Sin embargo, no pudo evitar sentirse aliviada por haberse quitado de encima el problema.
Era evidente que Dante la tenía en el punto de mira con este cebo, pero ella decidió no morder el anzuelo.
No tenía ninguna enemistad con él e incluso podía cultivar una relación beneficiosa usando su destreza sexual, así que, ¿por qué tomar una decisión precipitada?
Hmph, cuando tuviera a Dante bajo ella y lo exprimiera hasta dejarlo seco, ¿no iría él obedientemente tras sus faldas?
Al pensar así, Xia Dongyin se sintió mucho mejor e incluso sonrió levemente.
También se felicitó por su decisión de arrastrar a los otros ancianos al vórtice y forzarlos a cometer errores.
Como espías, eran competidores y problemáticos.
Lo mejor era eliminarlos del grupo usando a Dante, ya que él no se metería en tantos problemas como ella por hacerlo, ¡y entonces ella aparecería para ganarse su favor y afecto, y convertirlo en su chico de juguete!
Xia Dongyin no pudo evitar reír con encanto, sintiendo que todo estaba a su alcance.
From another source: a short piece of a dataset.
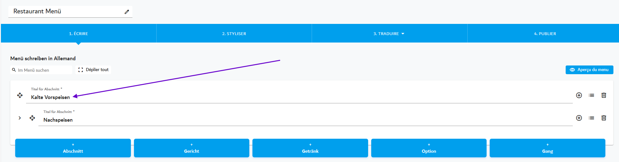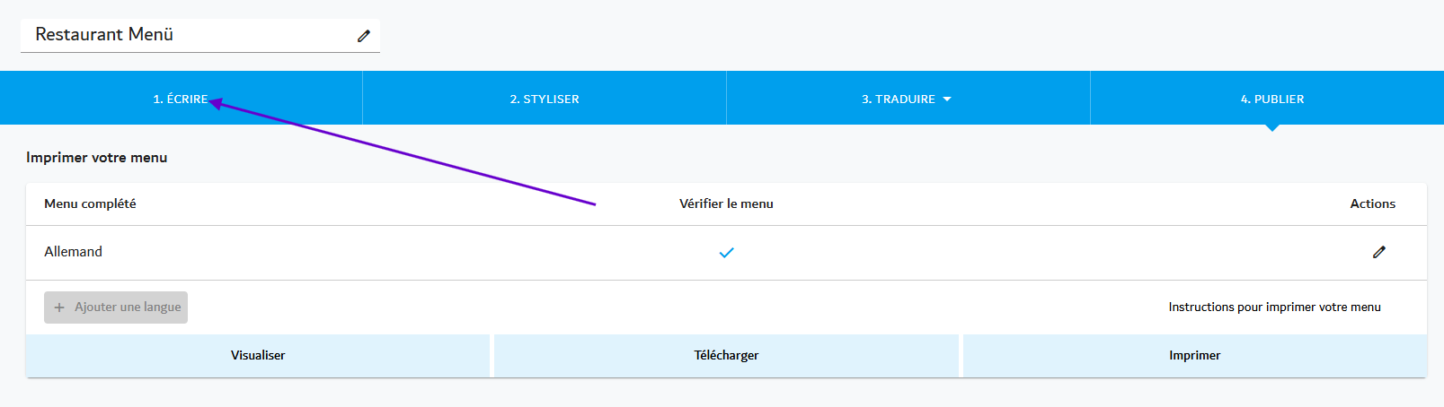 Depuis votre tableau de bord, naviguez vers l'écran "Écrire". C'est ici que vous pouvez modifier le contenu de votre menu.

¿Así se sentía ser una ganadora?
Si era así, ¡entonces le gustaba mucho!
Mientras tanto, los otros ancianos habían recibido la noticia y no podían quedarse quietos.
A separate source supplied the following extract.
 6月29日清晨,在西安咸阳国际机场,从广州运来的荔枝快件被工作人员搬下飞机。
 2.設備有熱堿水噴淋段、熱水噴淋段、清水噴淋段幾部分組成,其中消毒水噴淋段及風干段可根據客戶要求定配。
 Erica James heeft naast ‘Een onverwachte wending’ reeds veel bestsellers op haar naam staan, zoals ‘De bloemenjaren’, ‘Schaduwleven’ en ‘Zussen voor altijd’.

Al igual que Xia Dongyin, habían optado por esperar con paciencia, sobre todo Da Bo, que había visto de primera mano el fenómeno del cultivo Interno de Dante.
Nadie más que él entre los ancianos sabía que Dante se encontraba, como mínimo, en la primera etapa.
Aunque lo atacaran ahora, lo más probable es que acabaran carbonizados, así que, en el momento en que Da Bo vio a Dante lograrlo, abandonó por completo la idea de hacer algo.
Además, había sido testigo del entrenamiento de Dante durante esos veintisiete días y conocía su progreso.
Había impedido que la noticia llegara a los otros ancianos, pero no le sorprendió demasiado que el muchacho estuviera a punto de abrirse paso.
Al oír esto, Da Bo se mantuvo lúcido y no pudo evitar maldecir a esa perra malvada de Xia Dongyin.
Si fuera un hombre de apuestas, estaría dispuesto a apostar a que ella planeaba usar esos enormes pechos para asfixiar a Dante hasta la muerte después de que ellos, como tontos, lo atacaran.
Da Bo se recluyó de inmediato, no sin antes ordenar a uno de sus diáconos que capturara y encerrara a la discípula sirviente de Xia Dongyin para que no pudiera informar de que él había recibido el mensaje.
Además, les hizo anunciar que había comenzado su reclusión antes de que la discípula en cuestión llegara para informarle.